THE DATA>
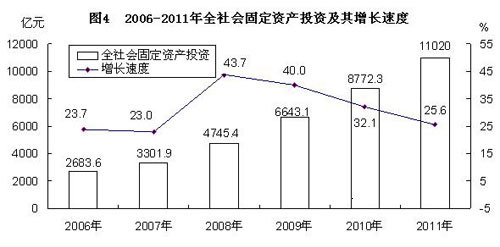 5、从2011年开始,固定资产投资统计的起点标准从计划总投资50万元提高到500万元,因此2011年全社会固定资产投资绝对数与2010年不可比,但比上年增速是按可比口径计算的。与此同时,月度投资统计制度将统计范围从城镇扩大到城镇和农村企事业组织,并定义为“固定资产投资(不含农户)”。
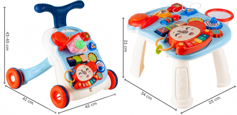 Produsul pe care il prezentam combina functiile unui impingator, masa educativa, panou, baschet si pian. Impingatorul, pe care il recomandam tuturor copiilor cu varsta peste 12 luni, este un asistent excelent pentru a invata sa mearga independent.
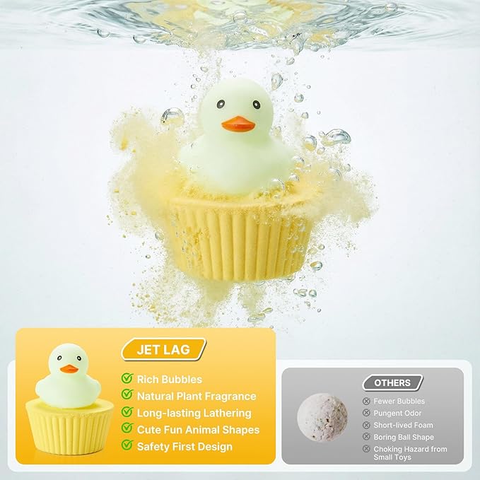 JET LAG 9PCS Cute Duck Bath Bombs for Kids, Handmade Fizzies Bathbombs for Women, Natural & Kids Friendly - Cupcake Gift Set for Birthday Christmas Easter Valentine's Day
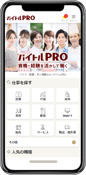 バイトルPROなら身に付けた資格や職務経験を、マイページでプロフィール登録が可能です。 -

* * *

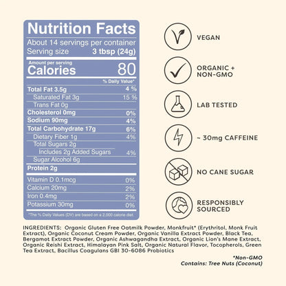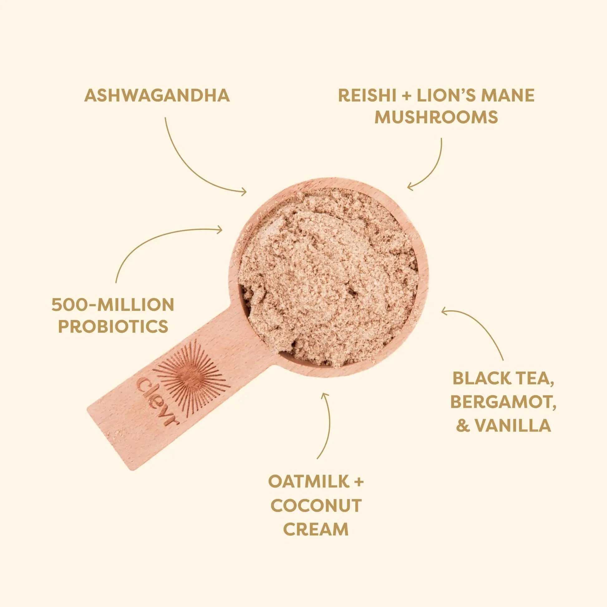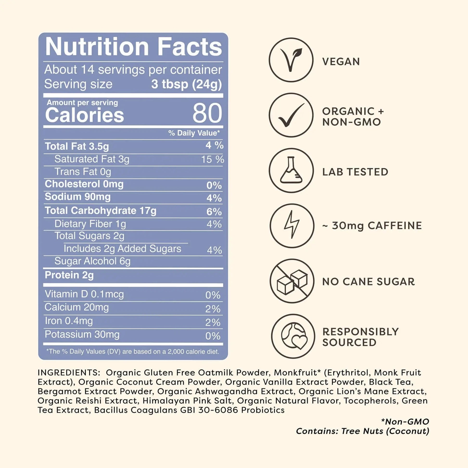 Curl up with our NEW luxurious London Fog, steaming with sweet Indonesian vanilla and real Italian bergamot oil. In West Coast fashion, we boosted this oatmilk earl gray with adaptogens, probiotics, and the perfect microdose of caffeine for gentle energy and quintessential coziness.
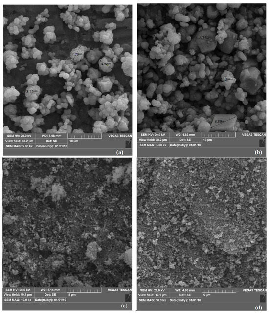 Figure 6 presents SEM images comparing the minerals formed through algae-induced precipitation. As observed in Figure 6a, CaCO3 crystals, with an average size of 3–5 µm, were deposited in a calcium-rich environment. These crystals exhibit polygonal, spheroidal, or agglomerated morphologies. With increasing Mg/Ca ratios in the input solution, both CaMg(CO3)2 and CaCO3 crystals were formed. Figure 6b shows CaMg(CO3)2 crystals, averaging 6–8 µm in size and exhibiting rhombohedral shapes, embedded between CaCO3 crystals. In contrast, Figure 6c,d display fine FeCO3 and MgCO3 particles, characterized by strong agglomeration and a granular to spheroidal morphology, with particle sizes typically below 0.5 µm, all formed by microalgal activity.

PROBLEM TO SOLVE> Within the material above, find the part that opens with the line containing "Produsul pe care" and closes with the line containing "バイトルPROなら身に付けた", and reproduce it exactly without the pictures.

RESPONSE>
 Produsul pe care il prezentam combina functiile unui impingator, masa educativa, panou, baschet si pian. Impingatorul, pe care il recomandam tuturor copiilor cu varsta peste 12 luni, este un asistent excelent pentru a invata sa mearga independent.
 JET LAG 9PCS Cute Duck Bath Bombs for Kids, Handmade Fizzies Bathbombs for Women, Natural & Kids Friendly - Cupcake Gift Set for Birthday Christmas Easter Valentine's Day
 バイトルPROなら身に付けた資格や職務経験を、マイページでプロフィール登録が可能です。 -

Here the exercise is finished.